Work to complete:
Some entries follow. Reproduce exactly the lines starting at the one with "O TÔNICO LIMPEZA" and stopping after the one with "Turn heads for".

Task input:
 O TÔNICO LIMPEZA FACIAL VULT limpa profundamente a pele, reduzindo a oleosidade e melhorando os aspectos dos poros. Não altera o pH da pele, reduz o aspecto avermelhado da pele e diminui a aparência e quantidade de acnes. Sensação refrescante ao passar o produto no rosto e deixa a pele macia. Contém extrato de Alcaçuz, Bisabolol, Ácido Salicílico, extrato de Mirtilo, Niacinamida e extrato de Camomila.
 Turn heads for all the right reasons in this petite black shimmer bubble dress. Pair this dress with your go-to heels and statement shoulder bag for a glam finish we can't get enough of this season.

* * *

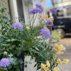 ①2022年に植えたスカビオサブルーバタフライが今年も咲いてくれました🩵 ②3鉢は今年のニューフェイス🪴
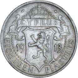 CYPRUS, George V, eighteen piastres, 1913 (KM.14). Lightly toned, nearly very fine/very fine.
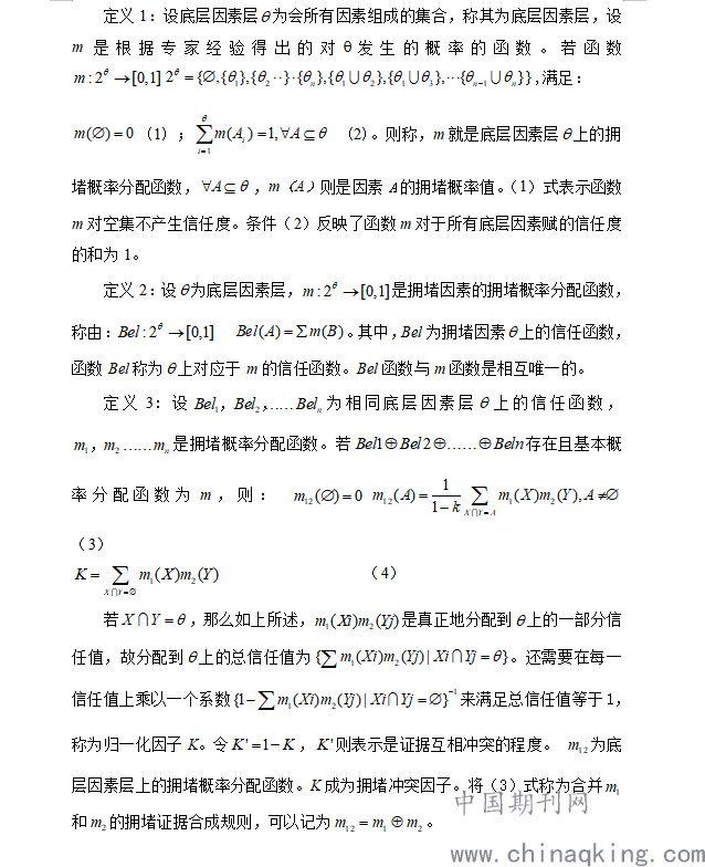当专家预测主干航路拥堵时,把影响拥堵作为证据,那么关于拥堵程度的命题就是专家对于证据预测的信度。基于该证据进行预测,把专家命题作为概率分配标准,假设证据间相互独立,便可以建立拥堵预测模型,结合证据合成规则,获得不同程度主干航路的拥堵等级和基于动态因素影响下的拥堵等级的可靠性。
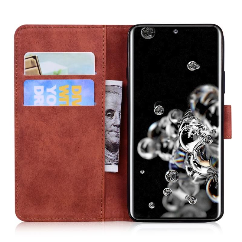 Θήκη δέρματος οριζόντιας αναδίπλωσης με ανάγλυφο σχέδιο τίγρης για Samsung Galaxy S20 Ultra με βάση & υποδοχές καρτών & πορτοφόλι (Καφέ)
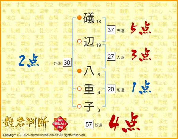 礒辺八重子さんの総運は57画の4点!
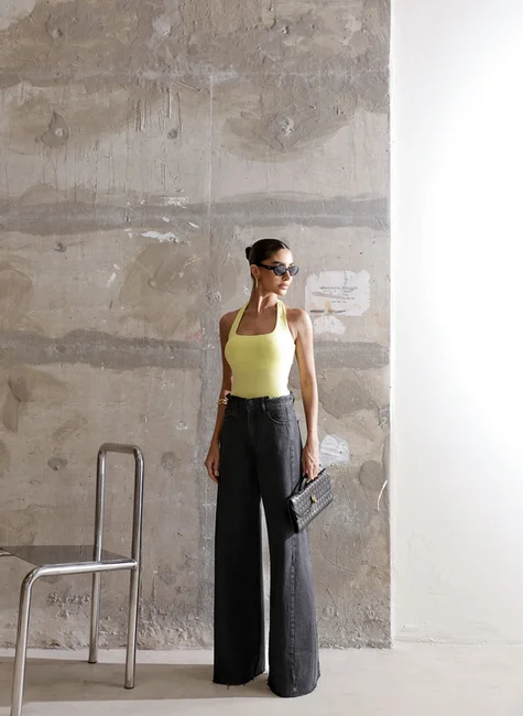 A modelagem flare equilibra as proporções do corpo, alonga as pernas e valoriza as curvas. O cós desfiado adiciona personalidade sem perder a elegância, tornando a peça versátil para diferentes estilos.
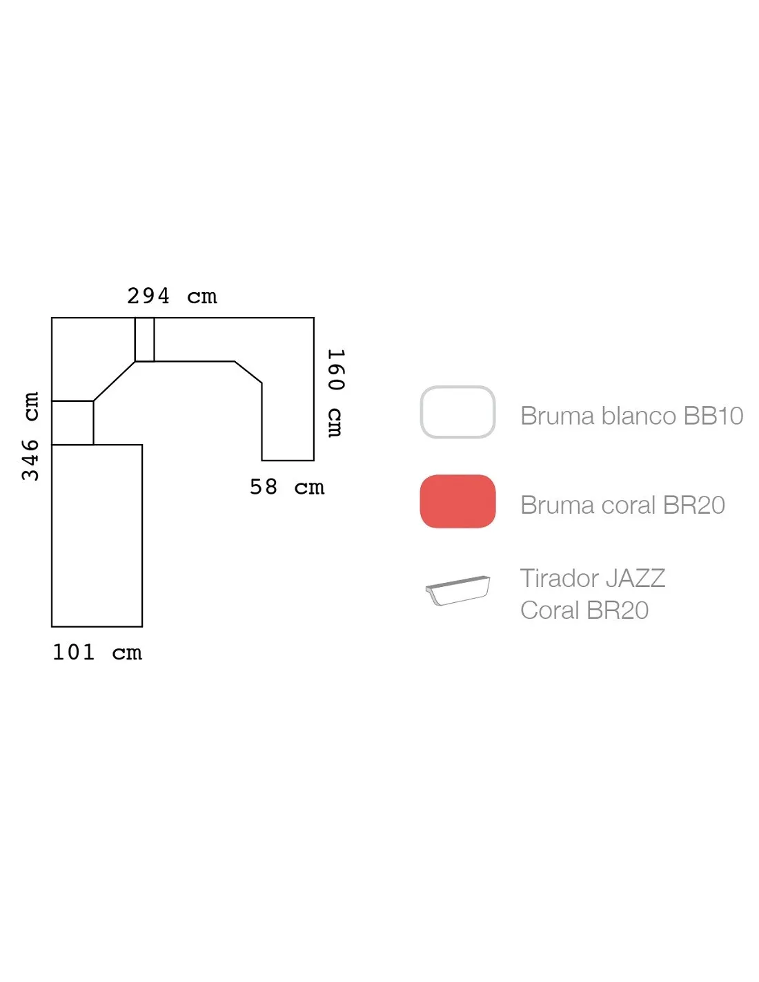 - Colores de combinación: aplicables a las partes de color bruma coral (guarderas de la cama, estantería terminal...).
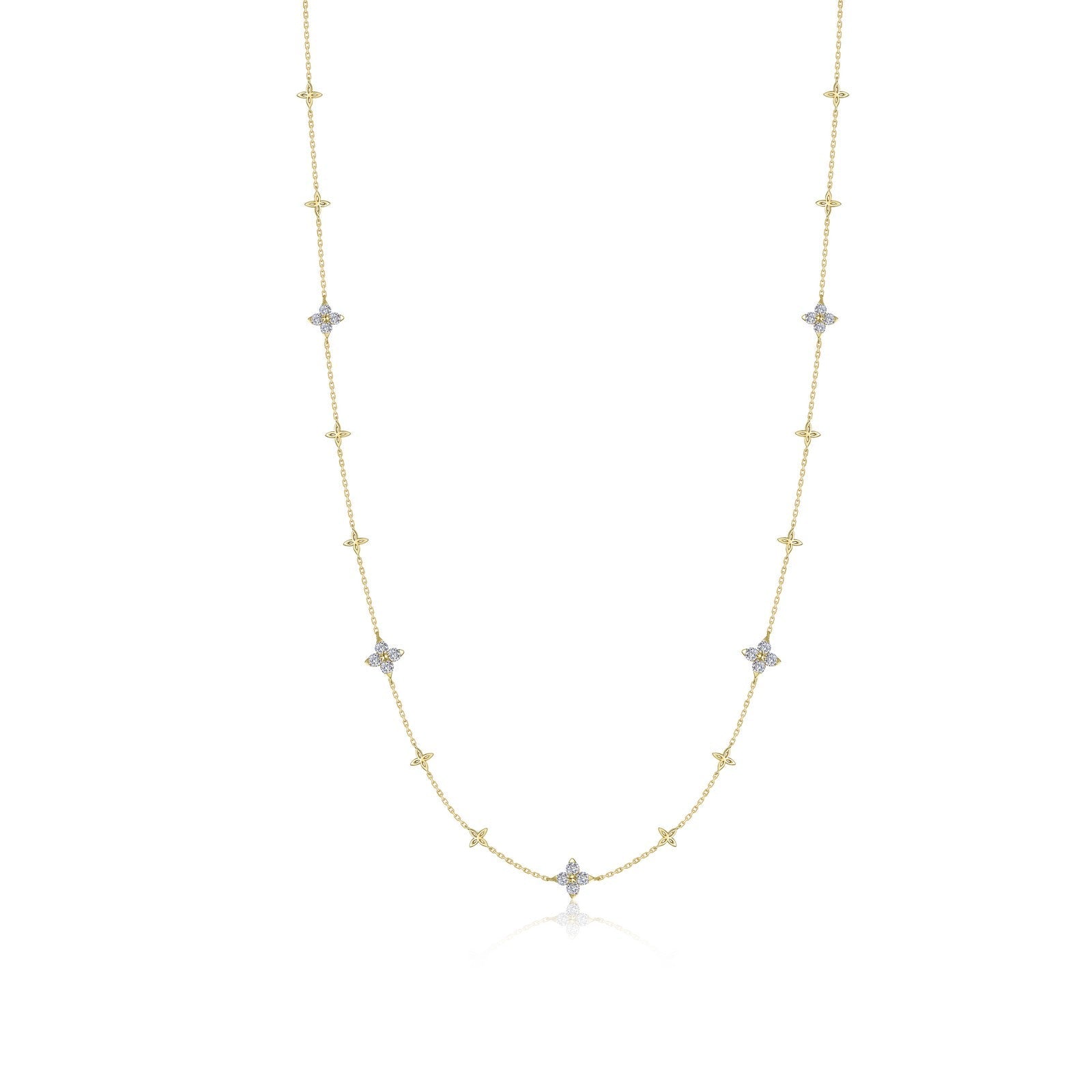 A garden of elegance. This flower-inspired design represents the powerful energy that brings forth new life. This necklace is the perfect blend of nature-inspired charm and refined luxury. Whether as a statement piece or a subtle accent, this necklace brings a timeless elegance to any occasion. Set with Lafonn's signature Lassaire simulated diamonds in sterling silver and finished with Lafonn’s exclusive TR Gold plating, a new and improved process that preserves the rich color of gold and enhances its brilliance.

* * *

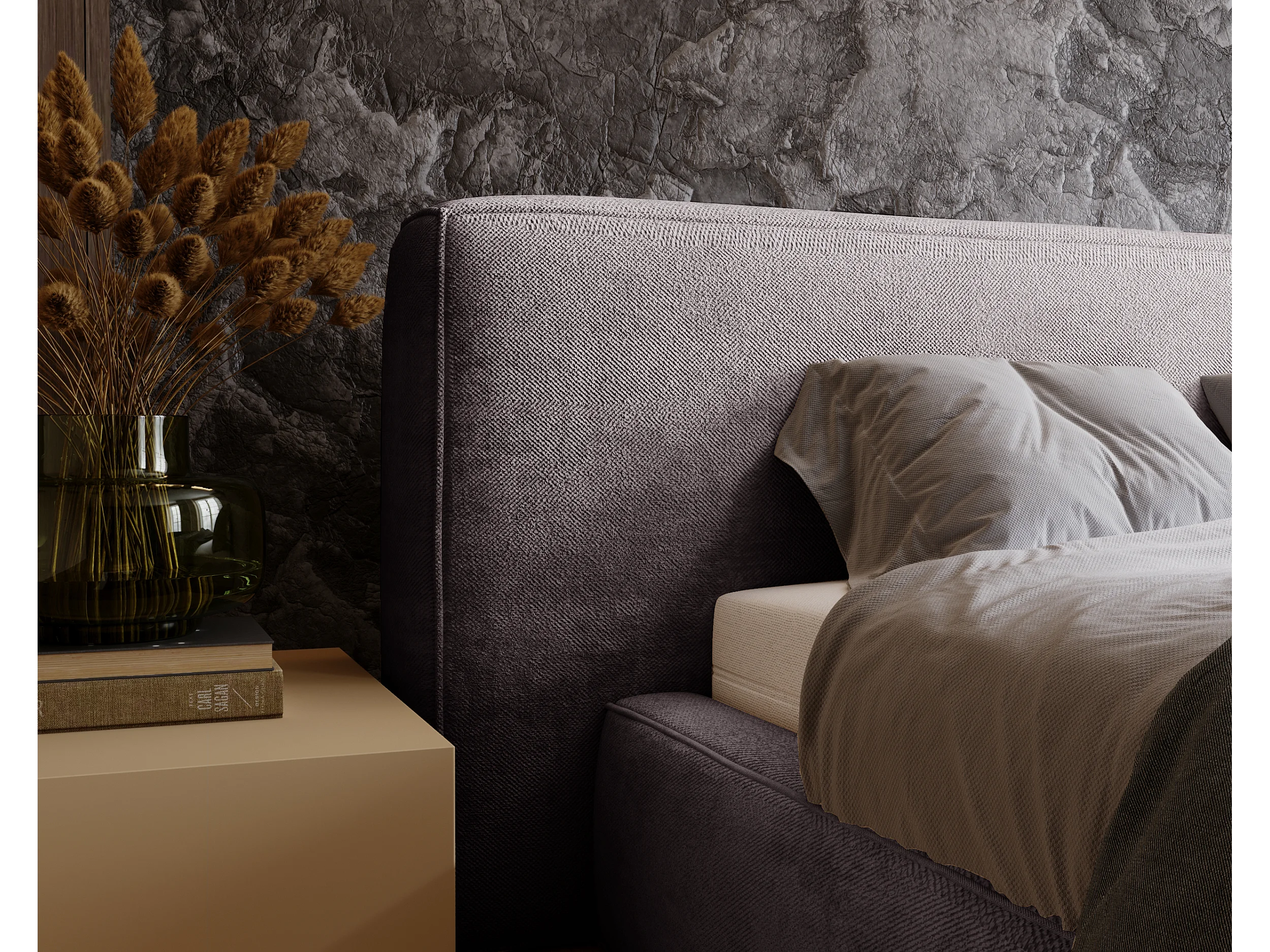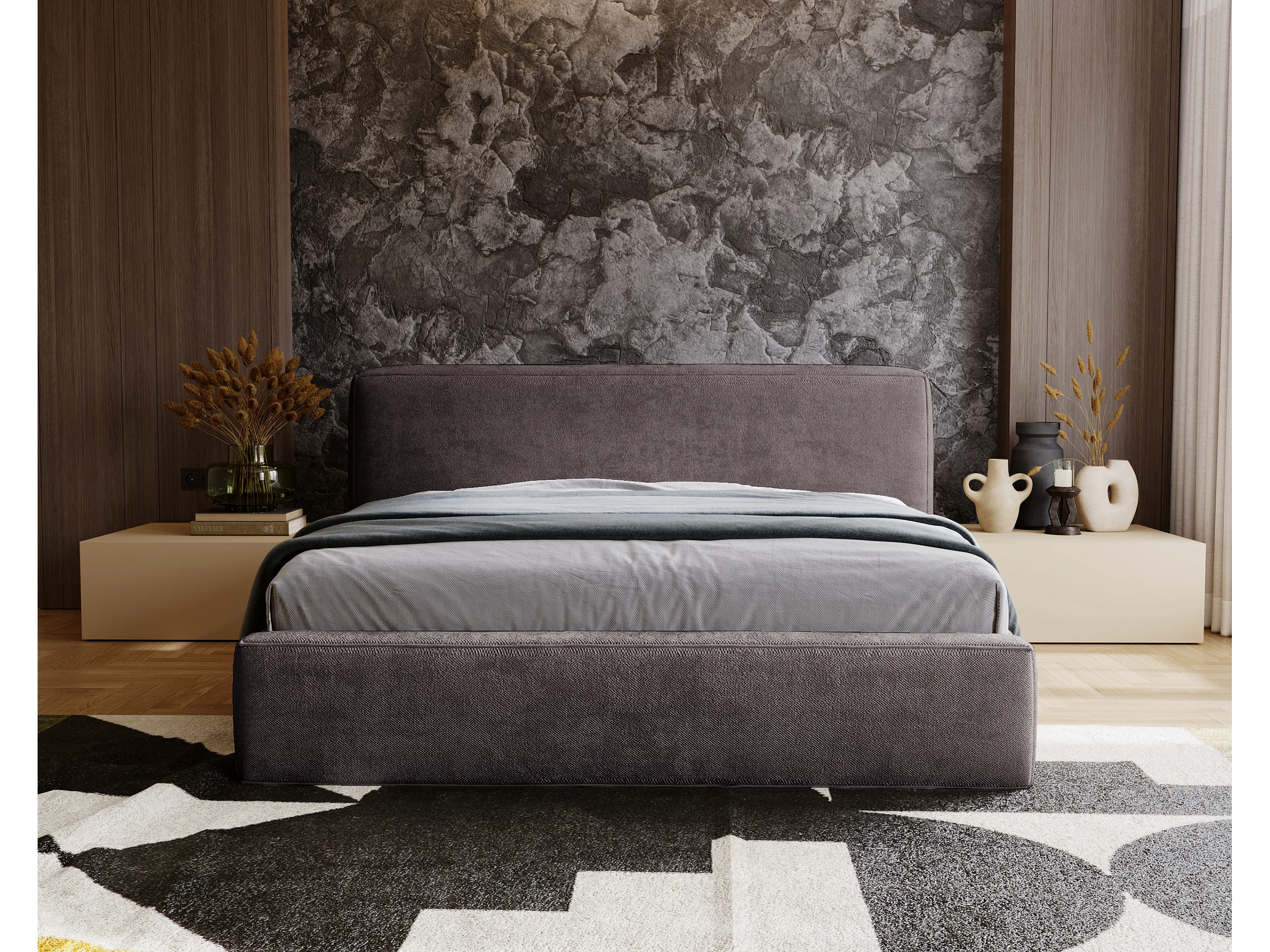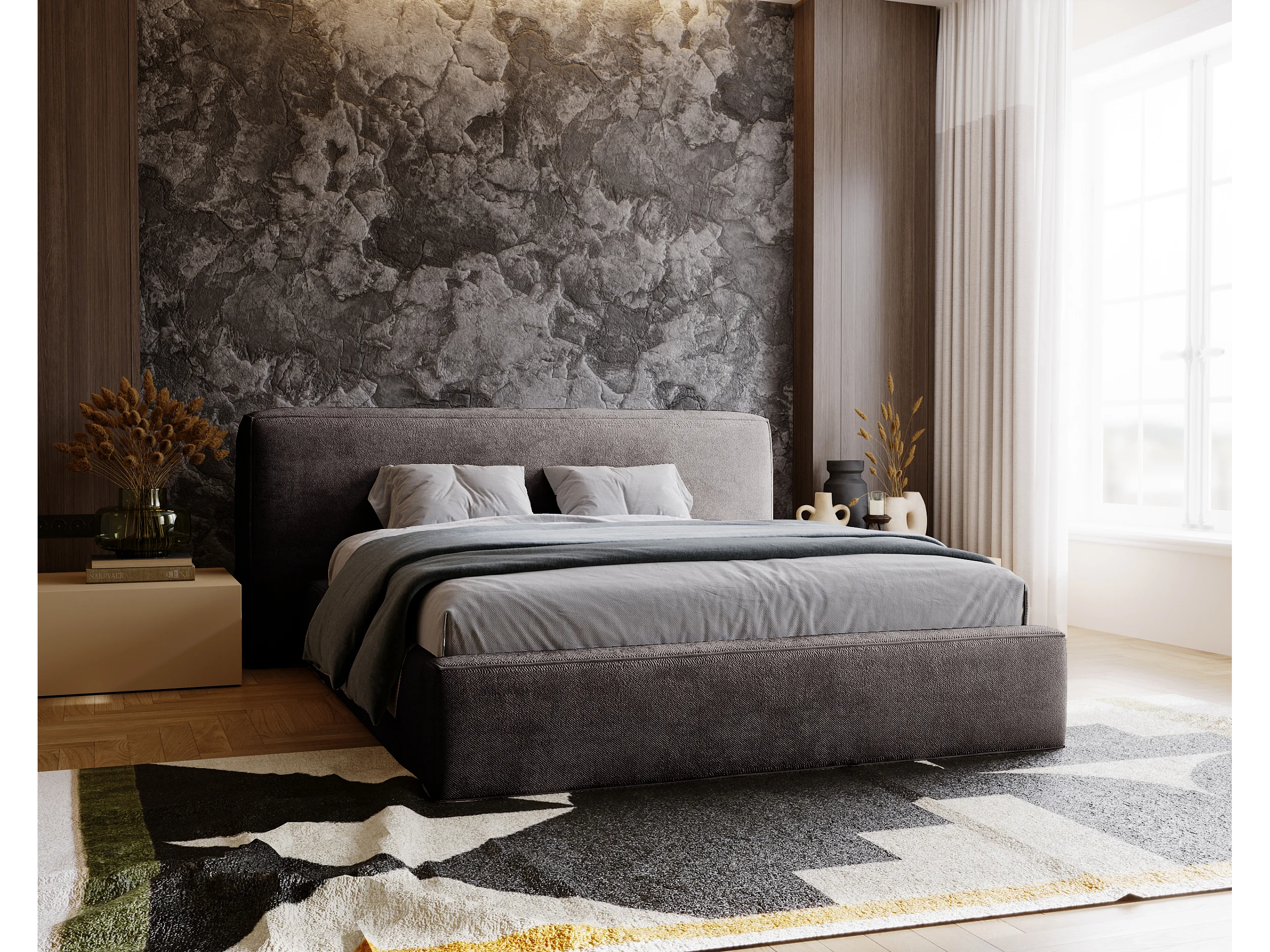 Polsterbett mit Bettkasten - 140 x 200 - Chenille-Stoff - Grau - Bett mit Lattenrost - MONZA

Result:
 O TÔNICO LIMPEZA FACIAL VULT limpa profundamente a pele, reduzindo a oleosidade e melhorando os aspectos dos poros. Não altera o pH da pele, reduz o aspecto avermelhado da pele e diminui a aparência e quantidade de acnes. Sensação refrescante ao passar o produto no rosto e deixa a pele macia. Contém extrato de Alcaçuz, Bisabolol, Ácido Salicílico, extrato de Mirtilo, Niacinamida e extrato de Camomila.
 Turn heads for all the right reasons in this petite black shimmer bubble dress. Pair this dress with your go-to heels and statement shoulder bag for a glam finish we can't get enough of this season.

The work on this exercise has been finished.